Segment Start: Exercise data

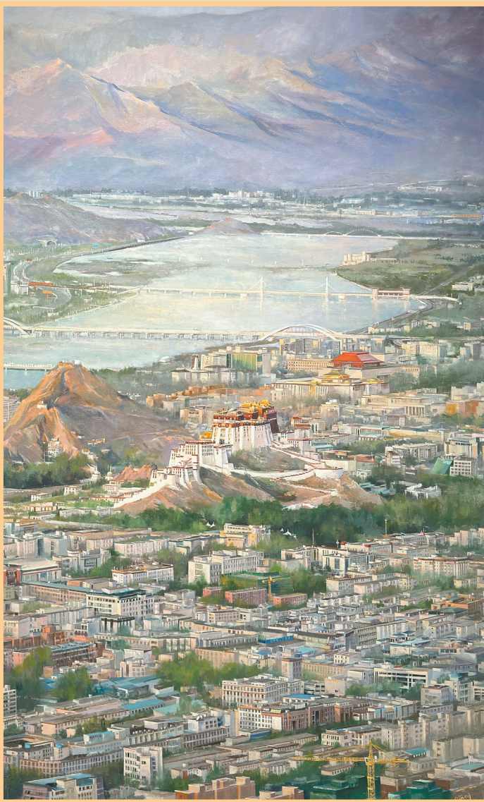
图为全海明油画作品《海拔3650》(局部)。
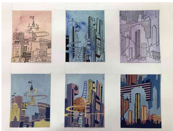
Примеры стилизации архитектуры

Определение цветового акцента. Им может стать один или два насыщенных пятна. Выполняется заполнение контуров, изображенных на втором этапе, любым цветом в соответствии с авторским замыслом. Для этого нужно определиться, какие цвета являются более характерными для изображаемого объекта. На этом этапе необходимо знание законов цветоведения о взаимно дополнительных цветах, контрасте ярких и светлых цветов по отношению к темным.
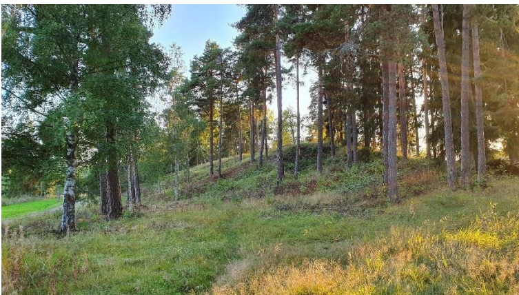
Borgå Lilla Borgbacken. Ett gravfält som ligger på en smal rullstensås och som kan dateras till romartiden under den tidiga järnåldern. Sari Mäntylä-Asplund 2019, AKDG6778:3, Museiverket.
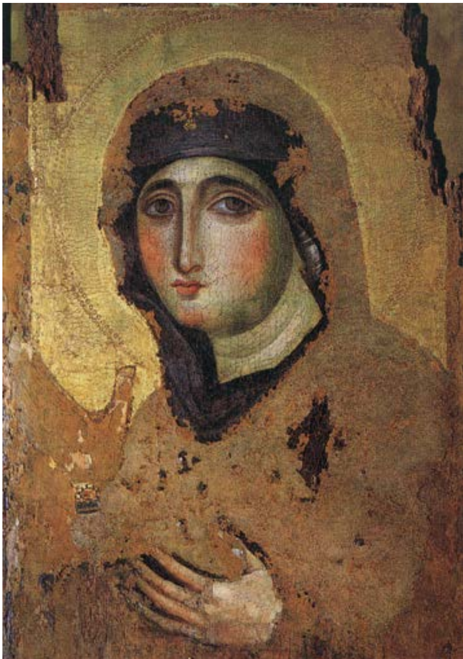
Богородичина икона из римске цркве Santa Maria del Rosario, почетак VIII столећа
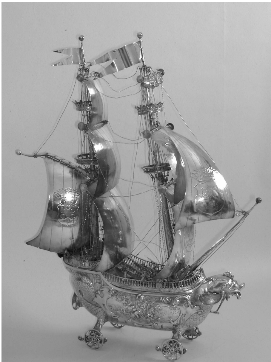
1. Vista del navío desde estribor
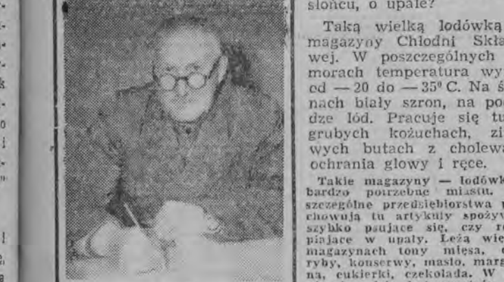
Tadeusz Kotarbiński — prezes Polskiej Akademii Nauk.
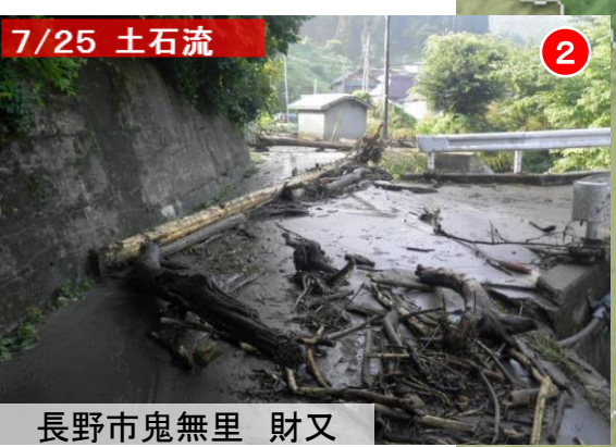
7/25 土石流 長野市鬼無里 財又
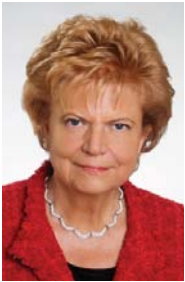
von Erni Graßberger
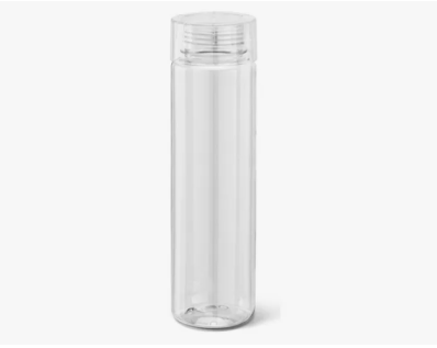
"Imagem Meramente Ilustrativa"
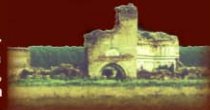
>>> Ansamblul asa cum arata azi, iesind parca din negura vremurilor...
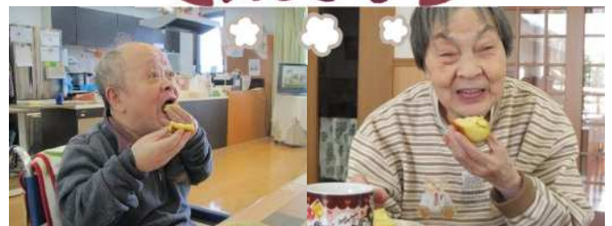
熱々の美味しい焼き芋！大きな口で沢山頬張りました。
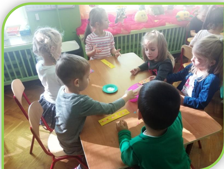
A oto nasze zakładki!!!
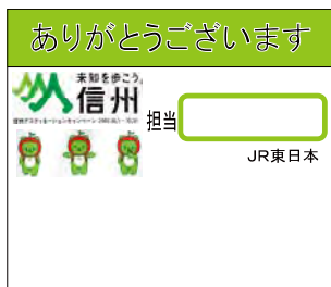
みどりの窓口 氏名札入れ台座(イメージ)
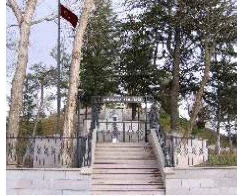
ANITKAYA ŞEHİTLİĞİ / ANITKAYA
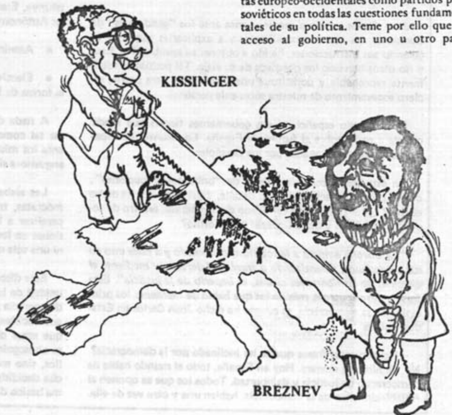
LA "DOCTRINA SONNENFELDT": UN PLAN PARA REPARTIRSE EUROPA

La razón principal de estas advertencias es que el actual gobierno norteamericano considera a estos Partidos Comunistas europeo-occidentales como partidos prosoviéticos en todas las cuestiones fundamentales de su política. Teme por ello que su acceso al gobierno, en uno u otro país,
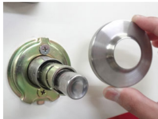
5. 台座カバーが外れます。
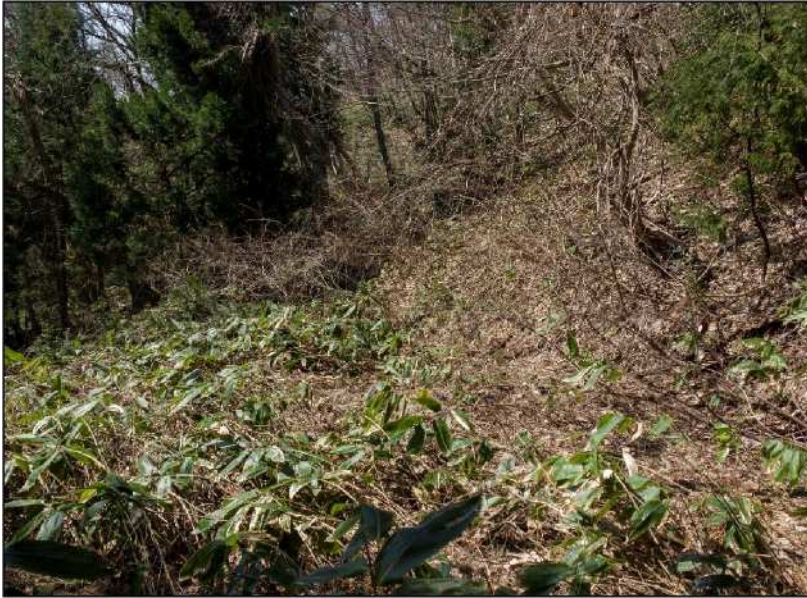
No.: 4 場所: 高沢～休石古道 測点: ④
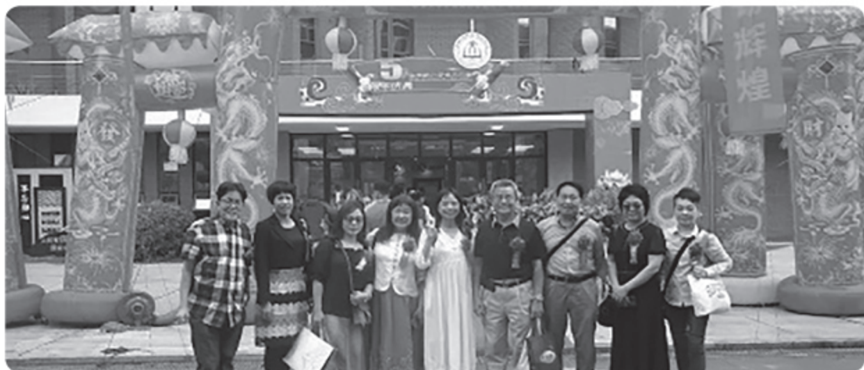
香港深圳慶賀團留影
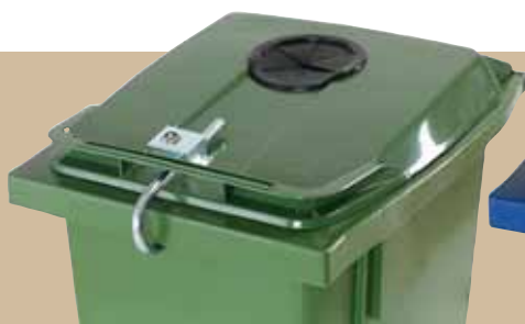
Glasinkast Lock med glasinkast inklusive lås. 190 liter. Art.nr 0190 802 370 liter. Art.nr 0370 802
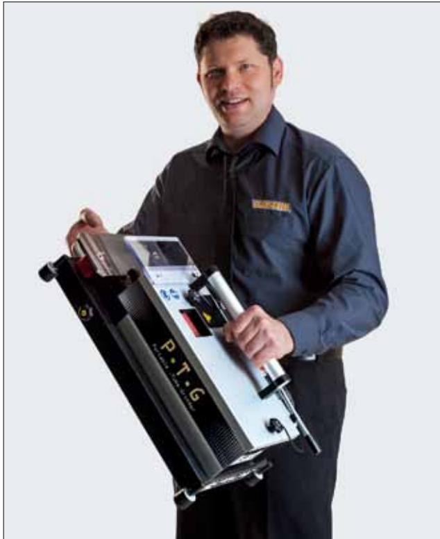
P-T-G Tragbarer Rohrausschleifer
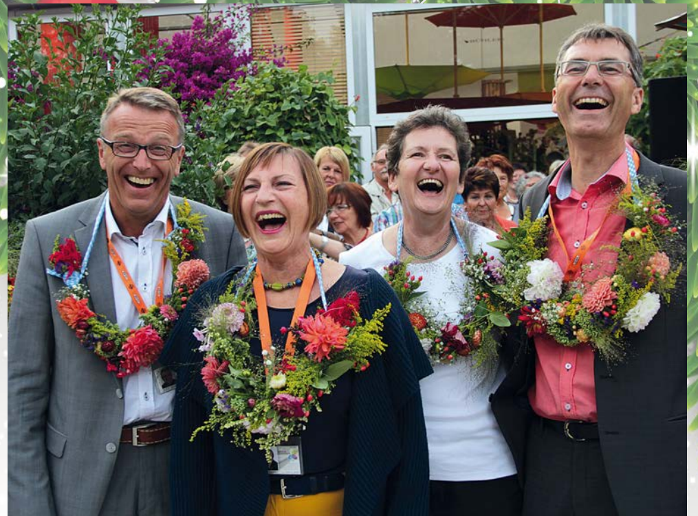
So können nur Sieger strahlen! Die Gartenschau „Natur in Tirschenreuth“ vom 29. Mai bis 25. August 2013 war ein toller Erfolg und verbuchte über 260.000 Besucher.

Tirschenreuth mit seinen zahlreichen Bildungs- und Sozialeinrichtungen, die Entwicklungsmöglichkeiten fördern und generationsübergreifendes
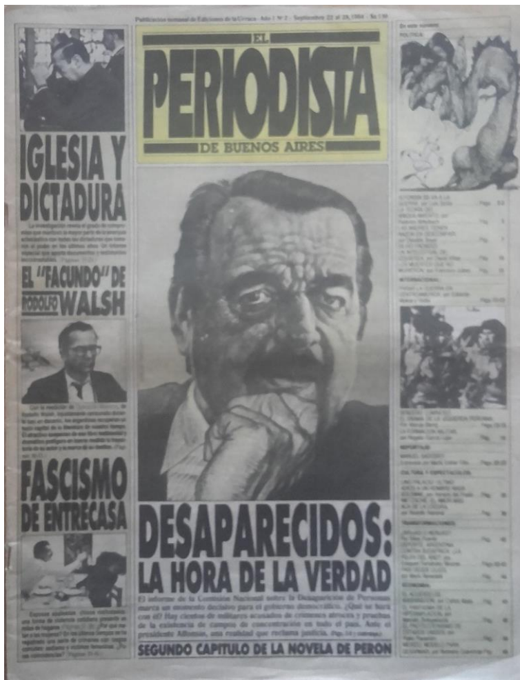
Portada de EP, n° 2, septiembre 22 al 28 de 1984.

Seguir su secuencia permite advertir las temáticas privilegiadas de editorialización de acuerdo con la coyuntura y su modalidad de enunciación. El titular principal inaugural, Kissinger al rescate de la patria financiera , cuestionaba la colusión económica entre el poder económico local y sus aliados trasnacionales durante la dictadura. El del número 2, Desaparecidos: la hora de la verdad oficiaba de epígrafe al retrato realizado por Cascioli de un presidente Alfonsín atribulado, a poco de haber recibido el informe de la CONADEP. “La encerrona militar” apuntaba en el número 3 al rechazo del Consejo Supremo de las fuerzas armadas a juzgar a las cúpulas militares. Su resolución gráfica mediante una escena de Nine en la que ex dictador Videla
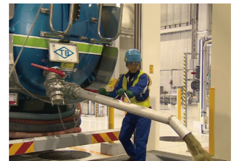
現場状況や積載物の種類によって、レシーバータンクの後部から圧送排出を行います。
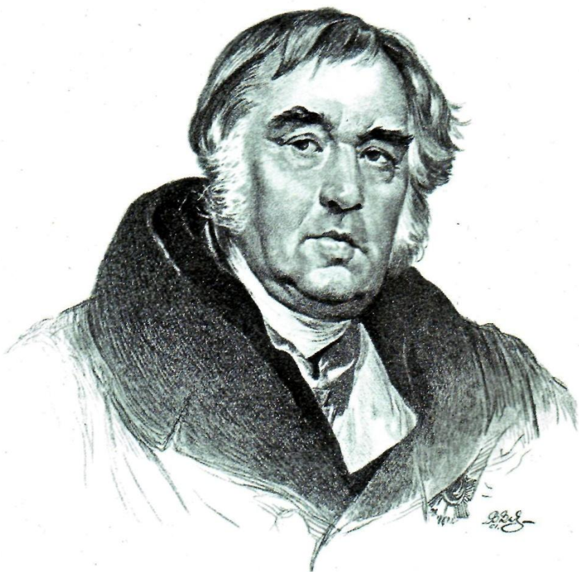
Иван Андреевич КРЫЛОВ (1769—1844)

Вместе с ним юный Тютчев посещал лекции в Московском университете; под руководством учителя он выполнил свой перевод «Послания Горация к Меценату», за что был принят в Общество любителей российской словесности. В своем альманахе «Северная лира» в 1827 году рядом со стихами известных поэтов были опубликованы стихи молодого Ф. Тютчева.

Segment End: Exercise data

To do: Would you please repeat all the data word for word, but without the pictures?

Written answer:
图为全海明油画作品《海拔3650》(局部)。
Примеры стилизации архитектуры

Определение цветового акцента. Им может стать один или два насыщенных пятна. Выполняется заполнение контуров, изображенных на втором этапе, любым цветом в соответствии с авторским замыслом. Для этого нужно определиться, какие цвета являются более характерными для изображаемого объекта. На этом этапе необходимо знание законов цветоведения о взаимно дополнительных цветах, контрасте ярких и светлых цветов по отношению к темным.
Borgå Lilla Borgbacken. Ett gravfält som ligger på en smal rullstensås och som kan dateras till romartiden under den tidiga järnåldern. Sari Mäntylä-Asplund 2019, AKDG6778:3, Museiverket.
Богородичина икона из римске цркве Santa Maria del Rosario, почетак VIII столећа
1. Vista del navío desde estribor
Tadeusz Kotarbiński — prezes Polskiej Akademii Nauk.
7/25 土石流 長野市鬼無里 財又
von Erni Graßberger
"Imagem Meramente Ilustrativa"
>>> Ansamblul asa cum arata azi, iesind parca din negura vremurilor...
熱々の美味しい焼き芋！大きな口で沢山頬張りました。
A oto nasze zakładki!!!
みどりの窓口 氏名札入れ台座(イメージ)
ANITKAYA ŞEHİTLİĞİ / ANITKAYA
LA "DOCTRINA SONNENFELDT": UN PLAN PARA REPARTIRSE EUROPA

La razón principal de estas advertencias es que el actual gobierno norteamericano considera a estos Partidos Comunistas europeo-occidentales como partidos prosoviéticos en todas las cuestiones fundamentales de su política. Teme por ello que su acceso al gobierno, en uno u otro país,
5. 台座カバーが外れます。
No.: 4 場所: 高沢～休石古道 測点: ④
香港深圳慶賀團留影
Glasinkast Lock med glasinkast inklusive lås. 190 liter. Art.nr 0190 802 370 liter. Art.nr 0370 802
P-T-G Tragbarer Rohrausschleifer
So können nur Sieger strahlen! Die Gartenschau „Natur in Tirschenreuth“ vom 29. Mai bis 25. August 2013 war ein toller Erfolg und verbuchte über 260.000 Besucher.

Tirschenreuth mit seinen zahlreichen Bildungs- und Sozialeinrichtungen, die Entwicklungsmöglichkeiten fördern und generationsübergreifendes
Portada de EP, n° 2, septiembre 22 al 28 de 1984.

Seguir su secuencia permite advertir las temáticas privilegiadas de editorialización de acuerdo con la coyuntura y su modalidad de enunciación. El titular principal inaugural, Kissinger al rescate de la patria financiera , cuestionaba la colusión económica entre el poder económico local y sus aliados trasnacionales durante la dictadura. El del número 2, Desaparecidos: la hora de la verdad oficiaba de epígrafe al retrato realizado por Cascioli de un presidente Alfonsín atribulado, a poco de haber recibido el informe de la CONADEP. “La encerrona militar” apuntaba en el número 3 al rechazo del Consejo Supremo de las fuerzas armadas a juzgar a las cúpulas militares. Su resolución gráfica mediante una escena de Nine en la que ex dictador Videla
現場状況や積載物の種類によって、レシーバータンクの後部から圧送排出を行います。
Иван Андреевич КРЫЛОВ (1769—1844)

Вместе с ним юный Тютчев посещал лекции в Московском университете; под руководством учителя он выполнил свой перевод «Послания Горация к Меценату», за что был принят в Общество любителей российской словесности. В своем альманахе «Северная лира» в 1827 году рядом со стихами известных поэтов были опубликованы стихи молодого Ф. Тютчева.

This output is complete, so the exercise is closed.